## YOUR TASK
From the listing below, give again exactly the lines from the line with "Publisher. Info. London: Elkin" to the line with "Un delicioso pastel", ends included, without any pictures.

## EXTRACTED MATERIAL
Start of Block

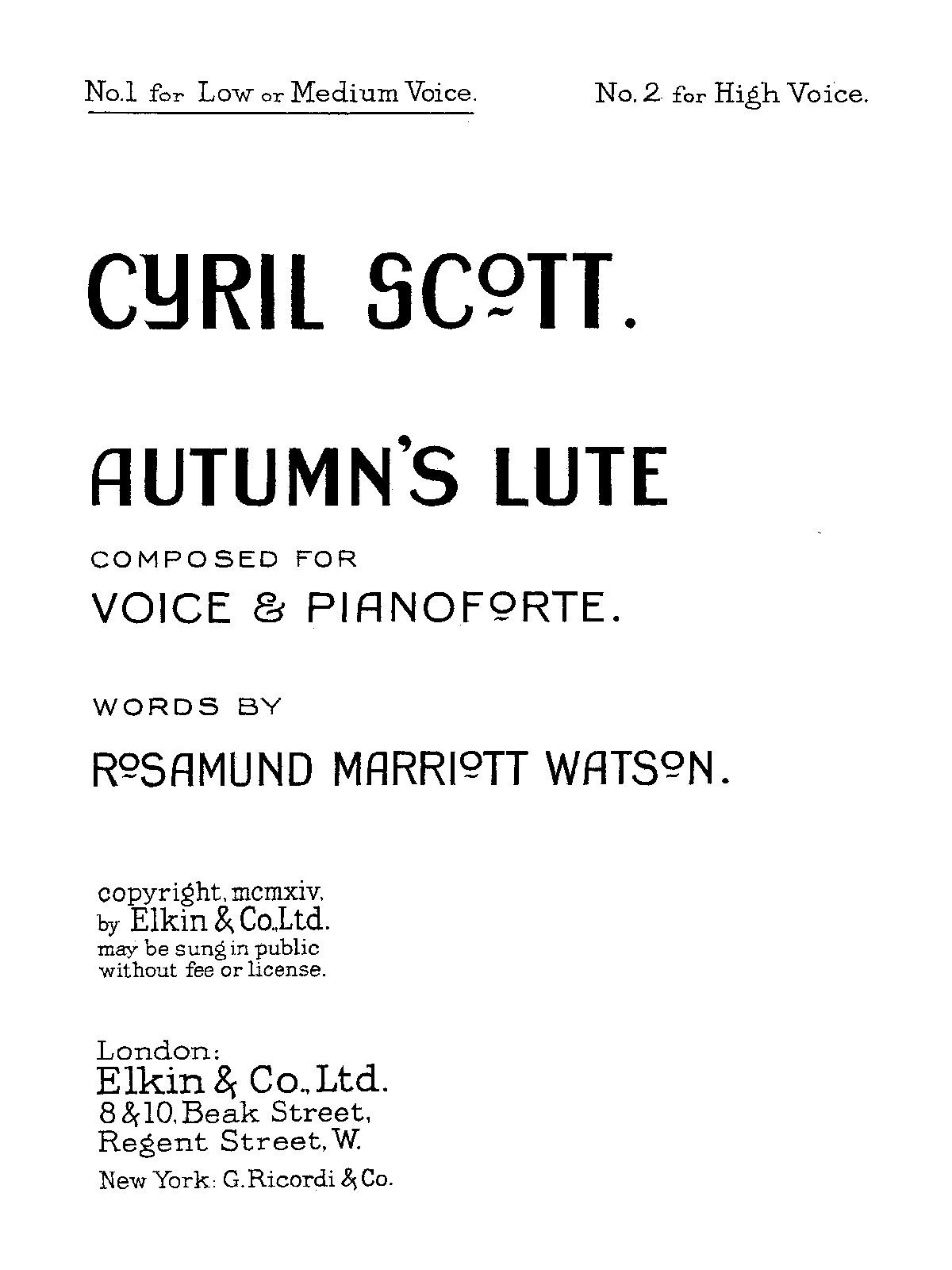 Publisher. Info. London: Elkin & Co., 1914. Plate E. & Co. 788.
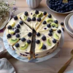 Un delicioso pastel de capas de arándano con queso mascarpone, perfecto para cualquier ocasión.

End of Block
Start of Block

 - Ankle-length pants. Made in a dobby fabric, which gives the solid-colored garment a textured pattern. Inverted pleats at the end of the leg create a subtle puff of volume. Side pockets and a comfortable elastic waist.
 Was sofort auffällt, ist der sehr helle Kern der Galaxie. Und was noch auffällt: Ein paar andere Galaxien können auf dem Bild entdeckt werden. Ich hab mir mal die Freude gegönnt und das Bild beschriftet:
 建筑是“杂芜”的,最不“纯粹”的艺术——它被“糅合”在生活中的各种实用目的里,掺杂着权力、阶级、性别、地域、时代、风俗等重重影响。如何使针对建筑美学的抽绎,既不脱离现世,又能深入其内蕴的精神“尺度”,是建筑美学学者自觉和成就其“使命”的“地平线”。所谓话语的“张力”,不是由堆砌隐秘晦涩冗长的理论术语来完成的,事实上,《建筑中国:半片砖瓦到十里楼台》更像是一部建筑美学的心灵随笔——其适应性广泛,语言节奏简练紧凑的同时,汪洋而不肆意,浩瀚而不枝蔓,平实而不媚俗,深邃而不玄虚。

End of Block

## YOUR RESPONSE
 Publisher. Info. London: Elkin & Co., 1914. Plate E. & Co. 788.
 Un delicioso pastel de capas de arándano con queso mascarpone, perfecto para cualquier ocasión.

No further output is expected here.